American Journey: Gaining Traction (1970-1988)

by Dan Miller and Dan Nied
Sept/Oct 2017
American Journey: Gaining Traction (1970-1988)
1981 Celica Supra
Once Toyota got rolling, it soon got up to full speed. In 1972, it sold its 1 millionth vehicle in the U.S. Just four years after that, it passed the 2 million milestone. And it took only two more years to reach 3 million in cumulative sales.
In part, the growth was fueled by the 1973 oil crisis, leading to gasoline shortages and price increases. But it took a second oil shock, in 1979, to shift small efficient cars from novelty to necessity.
Toyota had the right product at the right time. Increasingly, it also had the right message. Classic advertising campaigns in the 1970s, such as “You asked for it, you got it” and “Oh, what a feeling!” connected with a car-buying public that wasn’t accustomed to an automaker that actually paid close attention to their needs and wants.
A few classic Toyota models showed their face in the ’70s. The Celica got sporty in, the Cressida came aboard, while the Supra and Tercel took to the nation’s highways.
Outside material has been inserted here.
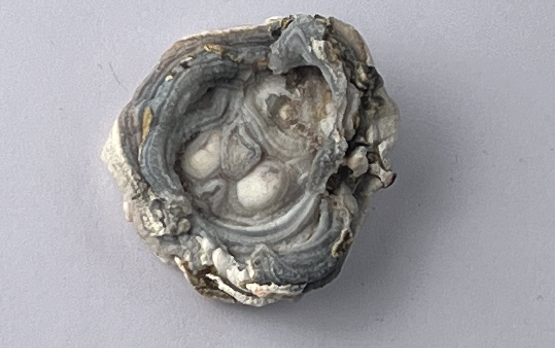 Agate druzy forms when agate, a type of chalcedony, has a druzy surface covered in small quartz crystals. It often displays colorful patterns. This one weighs .80 oz and measures 2" x 1.5"

And the Calty design studio opened, playing a major influence in Toyota’s design going forward.

Meanwhile, Toyota began to lay the groundwork for local production. In 1983, it entered into a joint agreement with General Motors to build Corollas in California. In 1986, it broke ground on its first stand-alone U.S. manufacturing plant to build Camrys in Kentucky, investing $800 million and creating 3,000 jobs. The first unit rolled off the line in 1988.

Lexus named luxury division.


Cultural Trends

Whether you were into Led Zeppelin or Donna Summer, the ’70s was a pretty fun decade. Not only was the music amazing, the clothes alone are enough to take a time-traveling field trip. A group of upstart rebels took on Darth Vader’s empire in 1977, just a year after Rocky went the distance against Apollo Creed, proving he wasn’t just another bum from the neighborhood.

In the ‘80s, people went to the movies to see the cutest extra-terrestrial ever in 1982. And, somehow, even the least cool among us identified with Ferris Bueller. Everyone freaked out over Thriller, and the Nintendo Entertainment System gave us 8-bits of awesome.

Fashion wasn’t the greatest in the ’80s. Basically, you could get by on loose and puffy. And the looser and puffier your clothes were, the cooler you were. And that seems a little odd.

Gas was $1.03 per gallon, which seems about right. So, you didn’t have to pay too much to drive around town blasting Hungry Like the Wolf on the radio. Rap like Run-DMC was mainstream now. You might see a Camry gas pedal pressed to the metal by Adidas tennis shoes, sans laces.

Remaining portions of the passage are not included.